Wood is the weakest at 250 health per wall. It can be shredded by fire and hatchets, and costs 100 to 200 wood depending on the building piece to upgrade. Easy and quick to upgrade to, but just having a wood base makes you a huge target.  You’ll want to upgrade as soon as you can to avoid losing everything to a single flamethrower.

Stone is second up, at 500 health per wall. It is completely immune to fire but can be picked down by pickaxes. It costs 150 to 300 stone depending on the building piece to upgrade.

Sheet Metal comes in third at 1000 health per wall. It’s immune to fire, and is also almost completely immune to melee weapons from the outside, most breaking before dealing a single point of damage. At a cost of only 100 to 200 metal fragments depending on the building piece to upgrade, it’ll make you look that much more menacing.
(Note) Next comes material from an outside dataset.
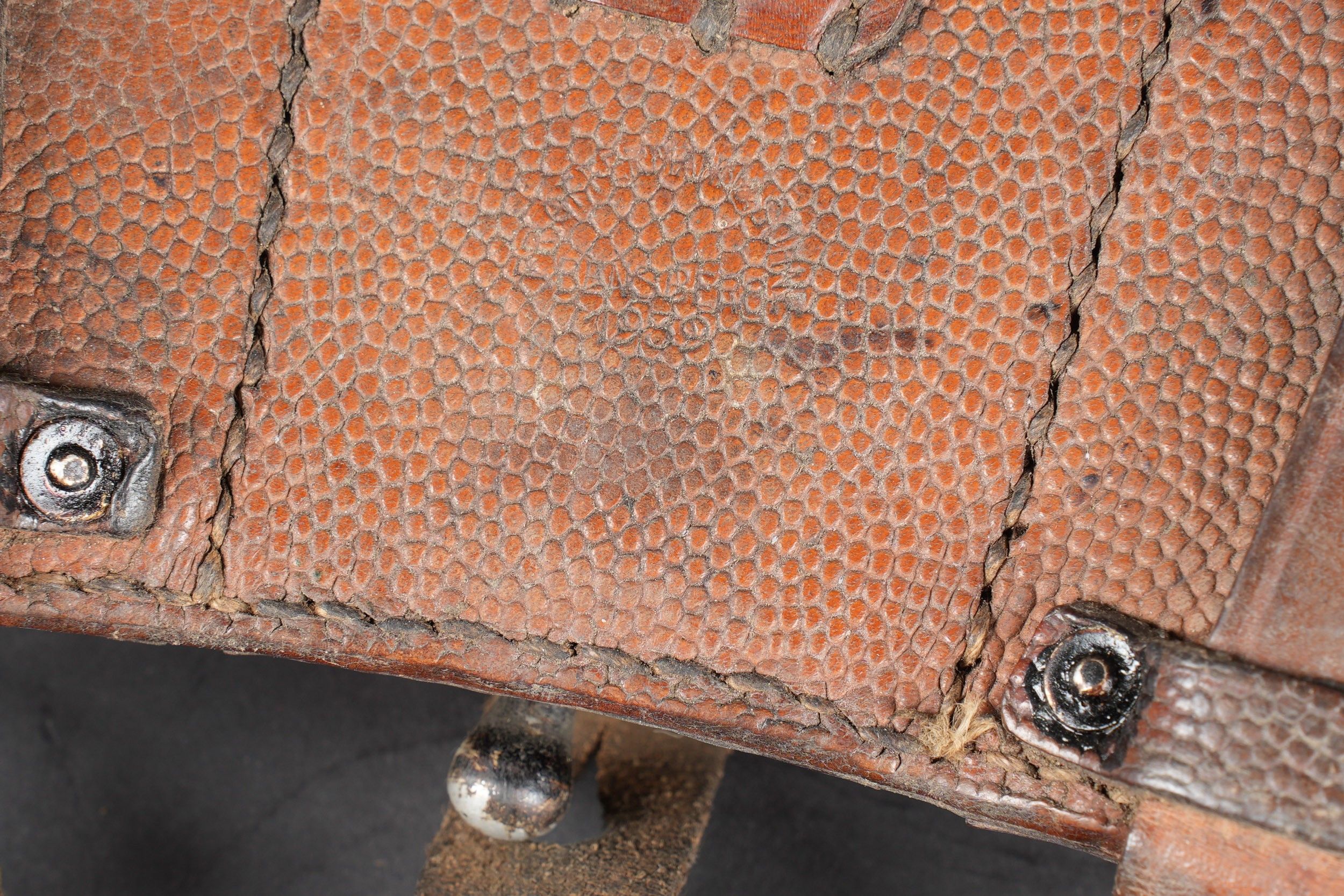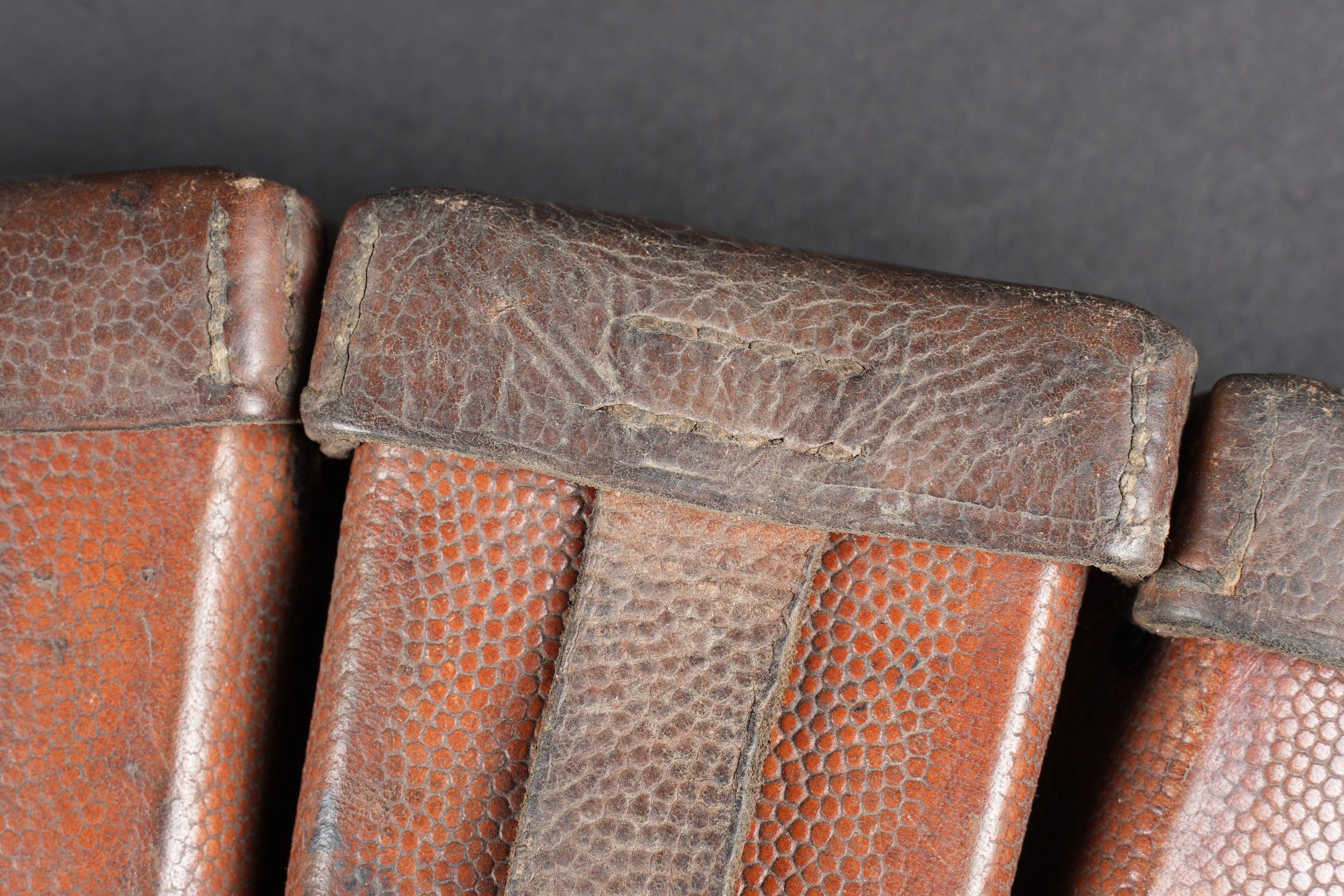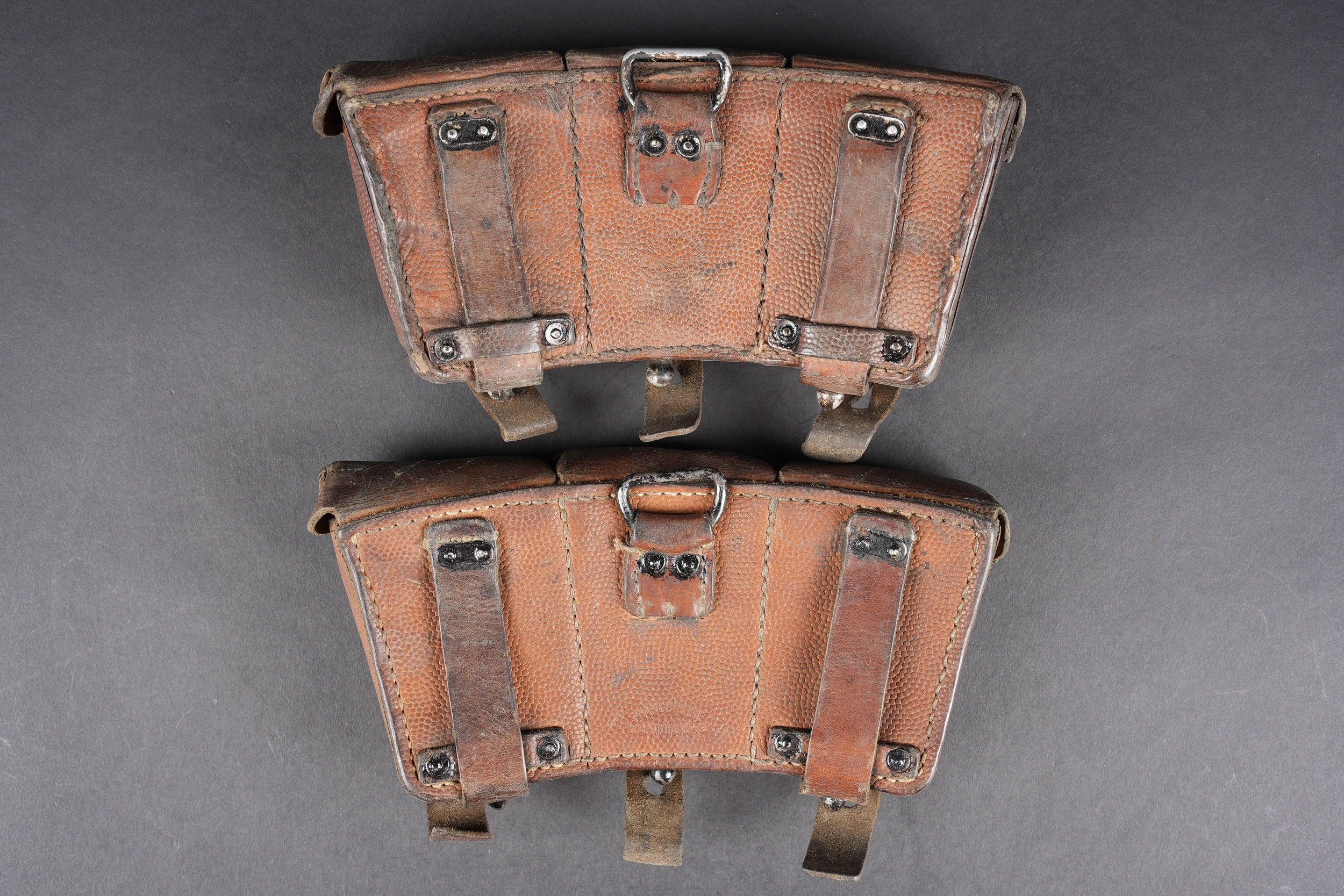 Mauser 98K cartridge belts. Uniform pair in brown grained leather. All straps are present. The rear rings are present. Markings 1939 and 1943. Some wear and patina. Condition II+. Mauser 98K Ammunition Pouches. Non-matching pair in brown pebbled leather. All straps and rear belt loops intact. Marked 1939 and 1943. Displays light wear and patina consistent with age. Condition II+.

Armored is the strongest upgrade at a whopping 2000 health points. It’s immune to fire as well as melee weapons and tools from the outside. Not the best without reason, it costs 13 to 25 high quality metal depending on the building piece to upgrade to armored. Because of the steep high quality metal cost, these upgrades are rarely seen outside of massive groups, and usually only at the very core of bases.

Each upgrade will increase the amount of ‘extra’ resources of that upgrade needed in your Tool Cupboard (metal walls will require extra metal frags in the tool cupboard etc.) to stop your base decaying.  Make sure you have enough ‘extra’ resources when upgrading to the next level!

Building tiers from left to right: Twig, wood, stone, sheet metal, armored


Soft Side vs. Hard Side

One of the most critical parts of upgrading is accidentally leaving your walls with the soft side facing outward, rendering your upgrades nearly useless.

One way to ensure your walls are not soft-sided is to check their texture. Lighter or smoother textures belong inward, whereas rougher and darker wall textures belong outward.

For example, stone walls from the hard side take 1 damage point per 8 pickaxe hits, but from the soft side, they take 1.2 damage for every hit (so only 7 pickaxes for one stone wall).

Soft sides from left to right: Twig, wood, stone, sheet metal, armored


Doors

Wood doors are suitable for starting out; however, you will want to switch to sheet metal quickly. At only 200 health, wood doors can be taken down in less than a minute with a flamethrower and nearly as quickly with Eoka Pistols or Shotguns.

Sheet Metal Doors are stronger and provide better protection from quick raids. The strongest doors in the game are Garage Doors and Armored Doors, both of which require blueprints to learn or research through the tech tree.

Doors, from left to right: Wood, sheet metal, armored


Raiding

One of the most important, well-liked, incredibly hated, and hardest things to do in Rust is raiding. Raiding mechanics are constantly being tweaked and balanced, as players push this game to its limits. Just about any item that does damage can be used for raiding, but that doesn’t mean it should be.